Die Verwendung einiger Insektizide wie Imidacloprid, die auch als Neonicotinoide bekannt sind, ist innerhalb der Europäischen Union, aber nicht weltweit, beschränkt.

Pestizide verursachen „dauerhafte und irreversible“ Schäden am Gehirn von Bienenbabys

Das Team setzte Hummeln während ihrer Entwicklung als Larven oder sehr junge Erwachsene kleinen Mengen Imidacloprid aus. Die Lernfähigkeit der Larven wurde nach drei Tagen und nach 12 Tagen nach dem Schlüpfen als Erwachsene getestet.
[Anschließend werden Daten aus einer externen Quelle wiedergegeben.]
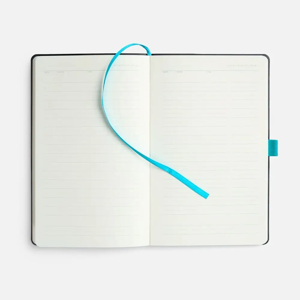 Ежедневник с гибкой обложкой, выполнен из материала Espresso, дополнен цветными ляссе и петлей-резинкой для ручки.

Bienen, die mit Imidacloprid gefüttert wurden, als sie sich als Larven entwickelten, zeigten im Vergleich zu Bienen, die dies nicht taten, eine „signifikant beeinträchtigte Lernfähigkeit“, sagten die Forscher.

Das Team scannte dann die Gehirne von fast 100 Bienen aus den verschiedenen Kolonien. Sie fanden heraus, dass Bienenbabys, die während der Larvenentwicklung Imidacloprid ausgesetzt waren, ein kleineres Volumen der mit dem Lernen verbundenen Gehirnregion hatten.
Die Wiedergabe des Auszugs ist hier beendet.